======== Data section ========

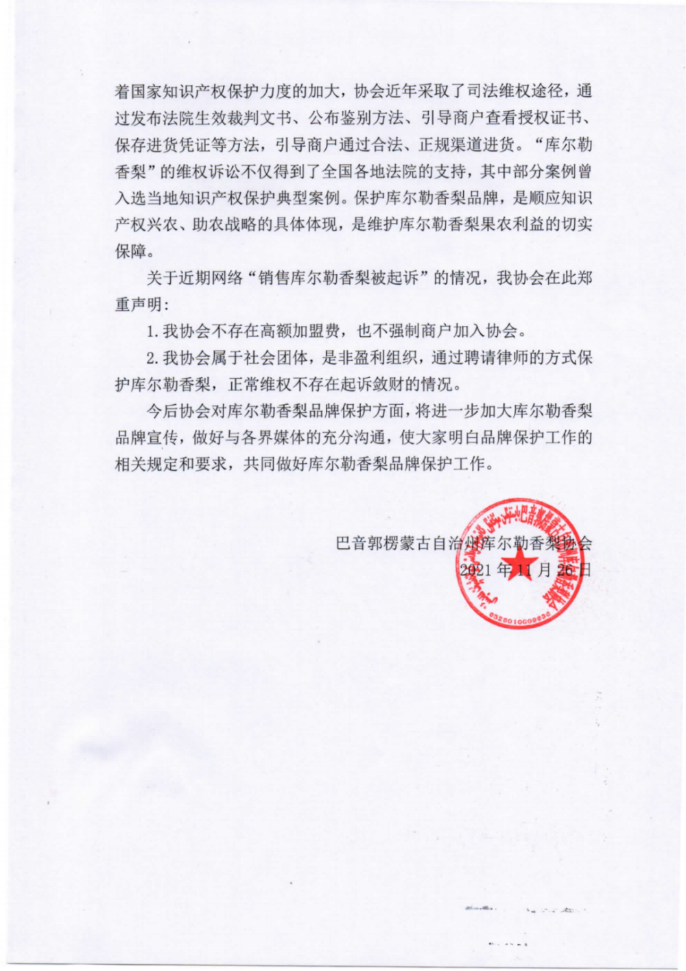 荔枝新闻讯 11月26日,就媒体报道的“多家水果商户称卖香梨使用‘库尔勒香梨’商标被起诉“一事,新疆巴州库尔勒香梨协会微信公众号发布一份声明(如下图)称:该协会不存在高额加盟费,也不强制商户加入协会;该协会属于社会团体,是非营利组织,正常维权不存在起诉敛财的情况。
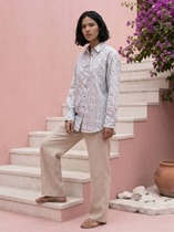 Рубашка женская из гладкокрашеного тканого полотна, свободного покроя, с длинными втачными рукавами, стояче-отложным воротником, фигурной линией низа и центральной бортовой застежкой на обметанные петли и пуговицы. Рукава – с притачными манжетами застегиваются на две обметанные петли и пуговицы.При выборе изделия в белом цвете идеальным решением будет выбор белья нейтральных
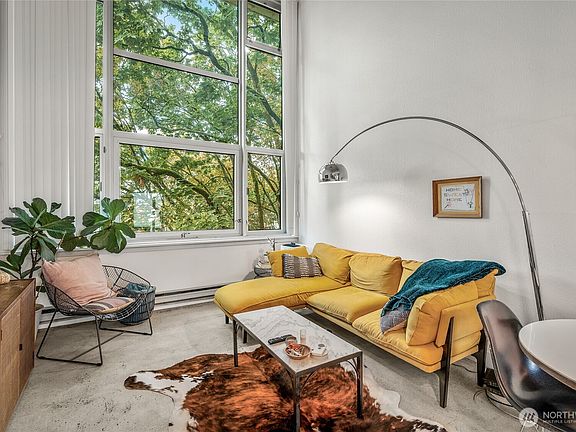 Architect-designed loft at the Talisman, a midcentury icon by the Space Needle’s architect. Soaring 15’ ceilings, oversized new windows, and exposed concrete floors create light-filled drama. Kitchen fully updated in 2023 with designer tile, Bertazzoni cabinet-front refrigerator, dishwasher, and convection range, plus a bar nook under the stairs. Loft bedroom features luxury plank flooring and a walk-in closet larger than expected. Updates include modern ceiling fan, bathroom flooring, and upgraded electrical panel. Secure building with gym, sauna, laundry, deeded parking (#13), and storage. Convenient central location with access to Paramount Theatre, convention center, transit, I-5, 520, and light rail. Ask about the 2.75% assumable loan!
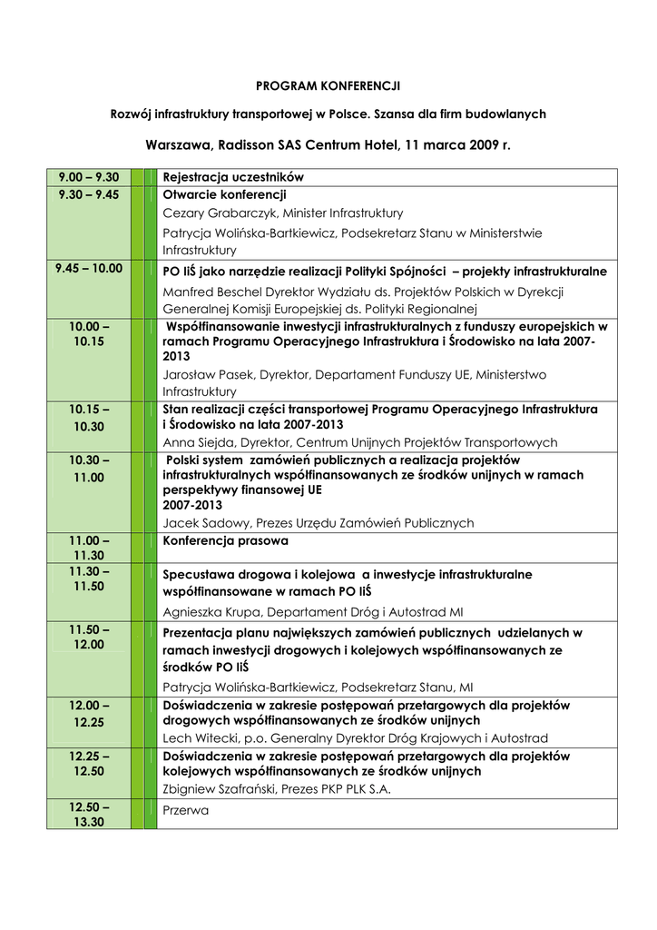 PROGRAM KONFERENCJI Rozwój infrastruktury transportowej w Polsce. Szansa dla firm budowlanych Warszawa, Radisson SAS Centrum Hotel, 11 marca 2009 r. 9.00 – 9.30 9.30 – 9.45 Rejestracja uczestników Otwarcie konferencji Cezary Grabarczyk, Minister Infrastruktury Patrycja Wolińska-Bartkiewicz, Podsekretarz Stanu w Ministerstwie Infrastruktury 9.45 – 10.00 10.00 – 10.15 10.15 – 10.30 10.30 – 11.00 11.00 – 11.30 11.30 – 11.50 PO IiŚ jako narzędzie realizacji Polityki Spójności – projekty infrastrukturalne Manfred Beschel Dyrektor Wydziału ds. Projektów Polskich w Dyrekcji Generalnej Komisji Europejskiej ds. Polityki Regionalnej Współfinansowanie inwestycji infrastrukturalnych z funduszy europejskich w ramach Programu Operacyjnego Infrastruktura i Środowisko na lata 20072013 Jarosław Pasek, Dyrektor, Departament Funduszy UE, Ministerstwo Infrastruktury Stan realizacji części transportowej Programu Operacyjnego Infrastruktura i Środowisko na lata 2007-2013 Anna Siejda, Dyrektor, Centrum Unijnych Projektów Transportowych Polski system zamówień publicznych a realizacja projektów infrastrukturalnych współfinansowanych ze środków unijnych w ramach perspektywy finansowej UE 2007-2013 Jacek Sadowy, Prezes Urzędu Zamówień Publicznych Konferencja prasowa Specustawa drogowa i kolejowa a inwestycje infrastrukturalne współfinansowane w ramach PO IiŚ Agnieszka Krupa, Departament Dróg i Autostrad MI 11.50 – 12.00 12.00 – 12.25 12.25 – 12.50 12.50 – 13.30 Prezentacja planu największych zamówień publicznych udzielanych w ramach inwestycji drogowych i kolejowych współfinansowanych ze środków PO IiŚ Patrycja Wolińska-Bartkiewicz, Podsekretarz Stanu, MI Doświadczenia w zakresie postępowań przetargowych dla projektów drogowych współfinansowanych ze środków unijnych Lech Witecki, p.o. Generalny Dyrektor Dróg Krajowych i Autostrad Doświadczenia w zakresie postępowań przetargowych dla projektów kolejowych współfinansowanych ze środków unijnych Zbigniew Szafrański, Prezes PKP PLK S.A. Przerwa 13.30 – 14.50 PANEL DYSKUSYJNY – MODEROWANY 13.30 – 14.50 Polska krajem otwartym na inwestorów – system zachęt inwestycyjnych w realizowaniu projektów infrastrukturalnych współfinansowanych ze środków UE 14.50 – 15.00 Podsumowanie i zakończenie konferencji Patrycja Wolińska-Bartkiewicz, Podsekretarz Stanu, Ministerstwo Infrastruktury

========

### Problem
Could the lines from the top of the material through the line with "Architect-designed loft at" be repeated exactly, pictures left out?

### Expected answer
 荔枝新闻讯 11月26日,就媒体报道的“多家水果商户称卖香梨使用‘库尔勒香梨’商标被起诉“一事,新疆巴州库尔勒香梨协会微信公众号发布一份声明(如下图)称:该协会不存在高额加盟费,也不强制商户加入协会;该协会属于社会团体,是非营利组织,正常维权不存在起诉敛财的情况。
 Рубашка женская из гладкокрашеного тканого полотна, свободного покроя, с длинными втачными рукавами, стояче-отложным воротником, фигурной линией низа и центральной бортовой застежкой на обметанные петли и пуговицы. Рукава – с притачными манжетами застегиваются на две обметанные петли и пуговицы.При выборе изделия в белом цвете идеальным решением будет выбор белья нейтральных
 Architect-designed loft at the Talisman, a midcentury icon by the Space Needle’s architect. Soaring 15’ ceilings, oversized new windows, and exposed concrete floors create light-filled drama. Kitchen fully updated in 2023 with designer tile, Bertazzoni cabinet-front refrigerator, dishwasher, and convection range, plus a bar nook under the stairs. Loft bedroom features luxury plank flooring and a walk-in closet larger than expected. Updates include modern ceiling fan, bathroom flooring, and upgraded electrical panel. Secure building with gym, sauna, laundry, deeded parking (#13), and storage. Convenient central location with access to Paramount Theatre, convention center, transit, I-5, 520, and light rail. Ask about the 2.75% assumable loan!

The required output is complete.